++++ Provided records ++++
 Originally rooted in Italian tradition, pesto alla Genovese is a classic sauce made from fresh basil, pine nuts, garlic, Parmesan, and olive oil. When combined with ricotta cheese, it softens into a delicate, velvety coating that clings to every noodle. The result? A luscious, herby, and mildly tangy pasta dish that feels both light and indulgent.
++++
++++ Provided records ++++
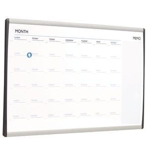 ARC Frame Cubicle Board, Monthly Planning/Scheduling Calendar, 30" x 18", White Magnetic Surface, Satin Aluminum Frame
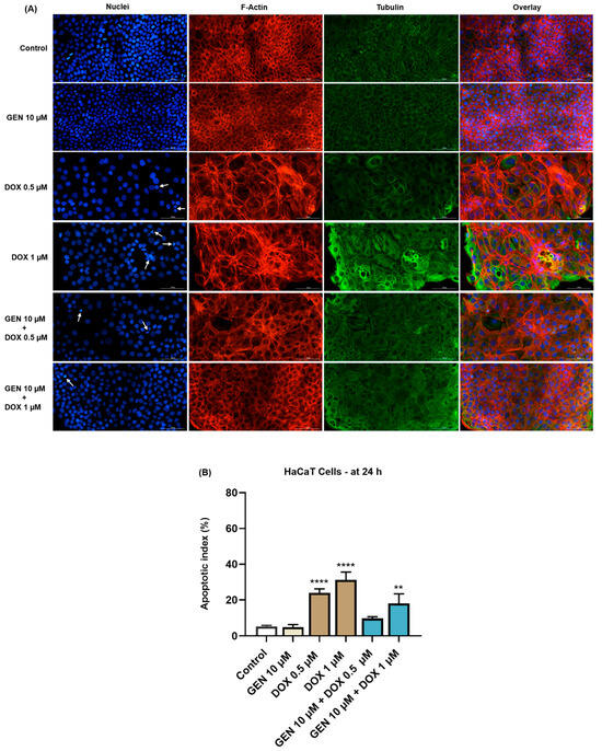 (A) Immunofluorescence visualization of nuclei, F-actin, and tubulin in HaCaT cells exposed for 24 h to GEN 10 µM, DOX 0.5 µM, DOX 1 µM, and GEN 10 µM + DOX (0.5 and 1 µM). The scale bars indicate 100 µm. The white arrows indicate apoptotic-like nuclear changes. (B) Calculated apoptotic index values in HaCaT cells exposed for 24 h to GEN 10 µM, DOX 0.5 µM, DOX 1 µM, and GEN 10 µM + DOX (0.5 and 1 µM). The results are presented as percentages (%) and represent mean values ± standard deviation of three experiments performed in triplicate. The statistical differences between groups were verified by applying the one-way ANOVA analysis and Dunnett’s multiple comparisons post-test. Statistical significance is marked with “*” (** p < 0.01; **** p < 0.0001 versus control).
++++
| Your assignment |
Starting from the line with "ARC Frame Cubicle" in the records above, repeat each line exactly until you have written the line with "(A) Immunofluorescence visualization", then stop; drop the pictures.

| Answer box |
 ARC Frame Cubicle Board, Monthly Planning/Scheduling Calendar, 30" x 18", White Magnetic Surface, Satin Aluminum Frame
 (A) Immunofluorescence visualization of nuclei, F-actin, and tubulin in HaCaT cells exposed for 24 h to GEN 10 µM, DOX 0.5 µM, DOX 1 µM, and GEN 10 µM + DOX (0.5 and 1 µM). The scale bars indicate 100 µm. The white arrows indicate apoptotic-like nuclear changes. (B) Calculated apoptotic index values in HaCaT cells exposed for 24 h to GEN 10 µM, DOX 0.5 µM, DOX 1 µM, and GEN 10 µM + DOX (0.5 and 1 µM). The results are presented as percentages (%) and represent mean values ± standard deviation of three experiments performed in triplicate. The statistical differences between groups were verified by applying the one-way ANOVA analysis and Dunnett’s multiple comparisons post-test. Statistical significance is marked with “*” (** p < 0.01; **** p < 0.0001 versus control).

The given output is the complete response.